# Teams Want To Trade For Finley



## Mavs41 (Feb 22, 2005)

<b>By EDDIE SEFKO / The Dallas Morning News 

Since news broke of a provision in the NBA's new collective bargaining agreement that allows a team to waive a player and be relieved of his luxury-tax burden, the Mavericks have been flooded with inquiries about Michael Finley. 

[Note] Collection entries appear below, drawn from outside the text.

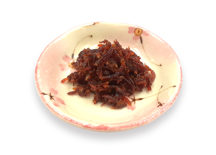 伊勢湾などで採れたちりめんをじっくり柔らかく煮込み、まろやかな甘味に仕上げました。お子様からご年配まで食べやすいと人気の味です。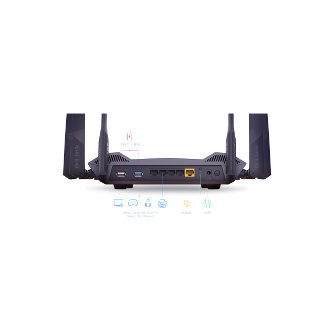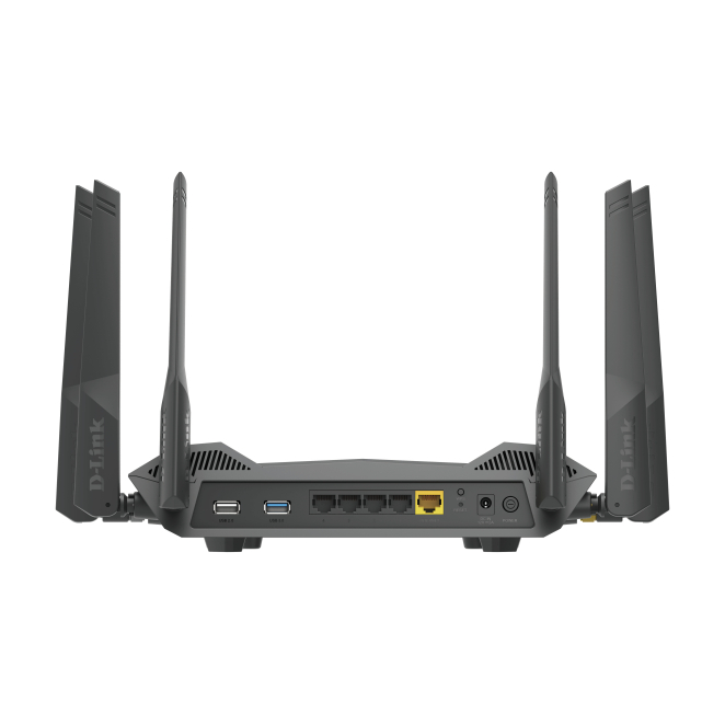 Además de WiFi, el D-Link DIR-X5460 router Gigabit Ethernet Negro cuenta con cuatro puertos Gigabit Ethernet y dos puertos USB para conexiones por cable y almacenamiento compartido.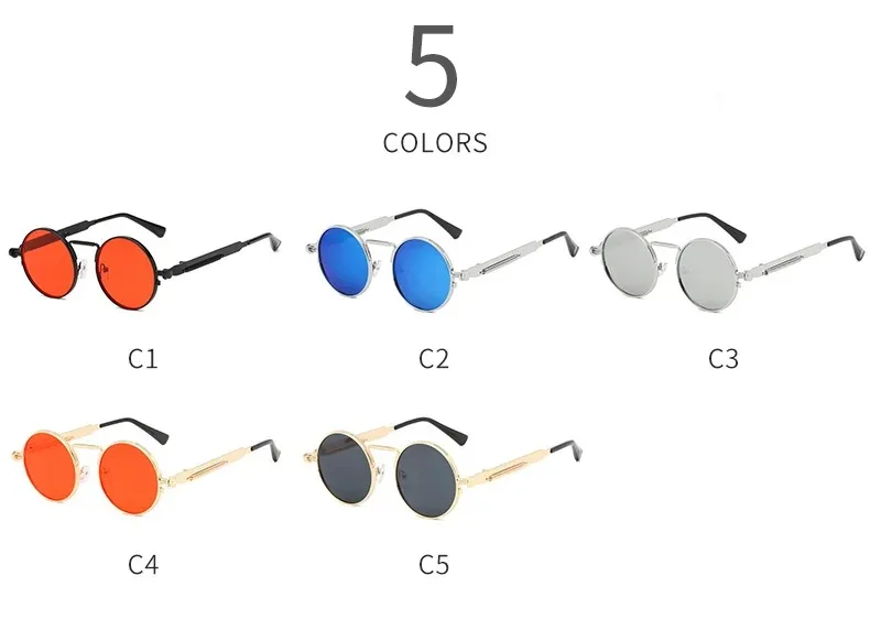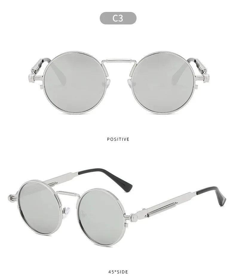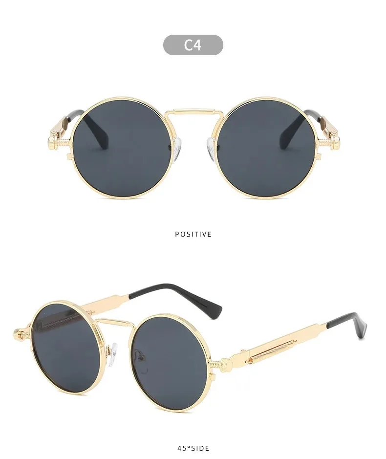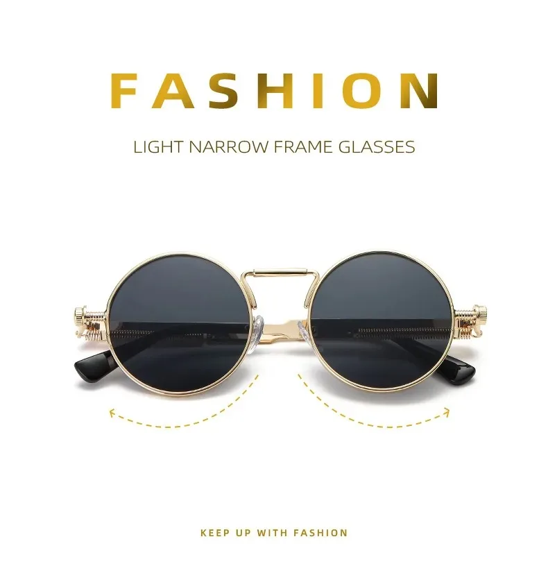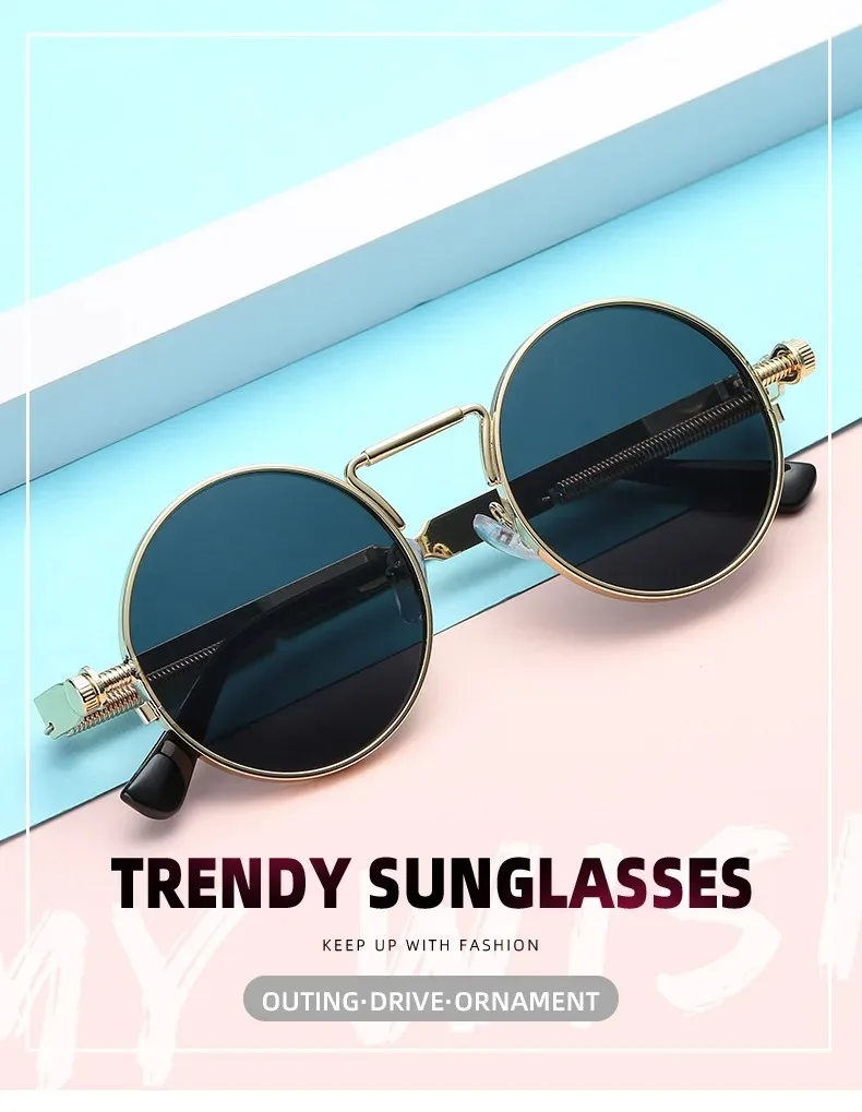 Round Frame Steampunk Spring Leg Sunglasses For Men Women Driving Metal Sun Glasses Fashion Vintage Classic Male Ladies Eyewear

The bottom line is unlikely to change – Finley in all probability has played his last game as a Maverick. 

But the mechanism for his departure could change. While the possibility still exists that the Mavericks could use the "amnesty" clause in the new CBA, president of basketball operations Donnie Nelson said they also have been approached with trade possibilities that could accomplish the same thing: provide financial relieve for the team, as well as the bonus of acquiring an asset in return. 

"Our first choice would be to keep Fin in a Mavericks uniform until he retires," Nelson said. "But as we run through the creative options, there seems to be less and less prospect of that happening. We have heard from a lot of people." </b>

It looks like there is actually an optiion of trade for the Mavs when it comes to Michael Finley. This is the best news possible for a couple of reasons.

1) Take the contract of Finley off the Mavs hands totally.

2) The Mavs would actually get something in return probably PF/Center help.


----------



## kamego (Dec 29, 2003)

Good luck finding a team that is giving something back in return that is both worth while and matches his salary. I believe is due over 15 million next season?, that makes it rough to do numbers wise.


----------



## Tersk (Apr 9, 2004)

If you had a look at some of the trades they suggested, we'd be getting junk in return



> • Indiana could package the contract of Reggie Miller, who has announced his retirement, or Scot Pollard with Austin Croshere and get in the range of Finley's contract. • Miami has Eddie Jones, whose contract ($30 million for two years) is similar to Finley's, but one year shorter.
> 
> If the Bulls want to bring back the hometown hero, they could package Antonio Davis and Eric Piatkowski.


Interesting, Eddie Jones could be a nice possibility off the bench


----------



## kamego (Dec 29, 2003)

Eddie Jones was the only name in their I see a chance of happening but Miami might want to keep him just because all he has been through with the Heat. 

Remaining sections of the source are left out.